習慣化できれば、Geminiは「使おうと思うツール」ではなく「気づいたら使っているツール」に変わります。

❌️ やってはいけないパターン:「便利そうなときだけ試してみる」「何か困ったときだけGeminiを開く」

✅️ AI活用度が高い人のパターン:「この業務ではまずGeminiに叩き台を作らせる」という型がある

僕はGeminiの予約アクション機能を使って、毎朝仕事関連のニュースまとめを作らせています。僕専用の新聞が届くようなものですね。同時にニュースから「今日の一面記事」を選ばせ、解説と事業への活用アイデアを提案させています。

今は複数のAIを使っている人も多いでしょう。「Geminiを使うのはコレ」「この業務はClaude」といった仕事の「型」を作ると活用が進みます。僕の場合はGoogle Workspace内の処理(メール要約やスケジュール調整、ドライブの整理など)はGemini。HubSpotやSlackなど他のSaaSとの仕事はClaudeにまかせています。

差がつく理由:③「頼み方」が具体的か

「ブログを書いて」と「中小企業の経営者向けに、HubSpotのタスク機能の使い方を800字で書いて。導入部は読者の悩みから入ること」では、Geminiのアウトプットの質が全く変わります。

漠然とした指示に対して、AIは漠然とした回答を返します。これはGeminiが悪いのではなく、人間側の指示が「仕様書」になっていないからです。

とはいえ、最初から完璧なプロンプトを書く必要はありません。「もう少し短く」「事例を1つ追加して」と対話しながら磨いていくことができます。大事なのは、最初の一投に「誰に向けて」「何のために」「どんな形式で」という3点を含めること。これだけでアウトプットの質は大きく変わります。
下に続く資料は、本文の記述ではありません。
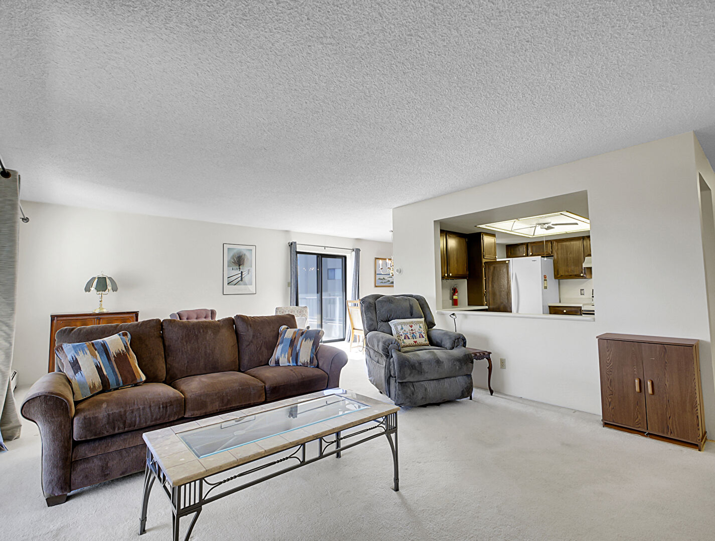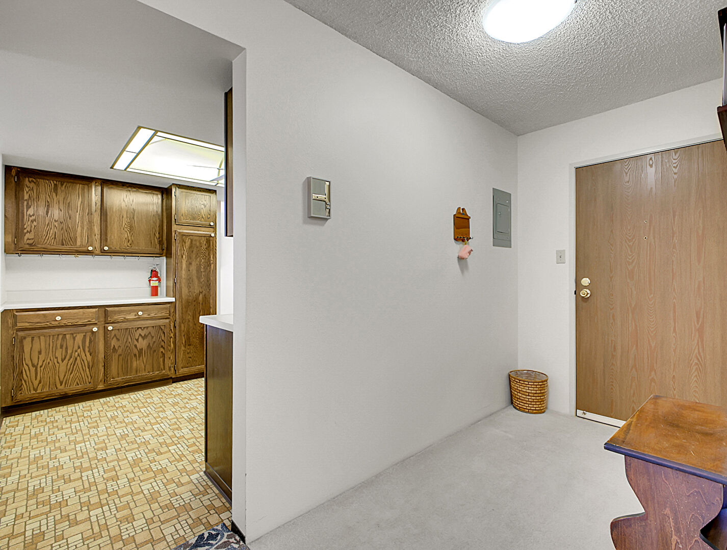 Baseboard Radiator, Carpet, Drywall, Fire Extinguisher, G Shaped Kitchen, Natural Light, Notable Chandelier, Skylight, Textured Ceiling, Wall Mounted Ac, Baseboard Radiator, Drywall, Textured Ceiling, Wall Mounted Ac

❌️ やってはいけないパターン:「〇〇について教えて」「〇〇を作って」と一言だけ投げる

✅️ AI活用度が高い人のパターン:「対象・目的・形式」の3点セットで依頼する

プロンプトや文脈共有でAIの回答は大きく変わります。僕は事業単位の文脈をNotebookLMに保存。それを特定のGemと連携させることで「特定事業のスペシャリスト」を作っています。文脈を理解しているので話が早い。

プロンプトも箇条書きで「こんなことをしたい。条件は〇〇と〇〇と...」と書いてGemini自身に作らせます。期待通りのアウトプットにならないときは「プロンプトをどう修正したらいい?」と聞いて、段階的に改善させています。

結論:Geminiはもう、あなたのGWSの中にいる

GeminiはGoogle Workspaceの中にすでに組み込まれています。追加費用なしで使えるプランも増え、「使えない理由」はほぼなくなりました。

あとは使う側の準備だけです。データをクラウドに集める、業務の型にGeminiを組み込む、頼み方を具体的にする。この3つを意識するだけで、「同じGoogle Workspaceユーザー」の中で、あなたのAI活用度は確実に変わります。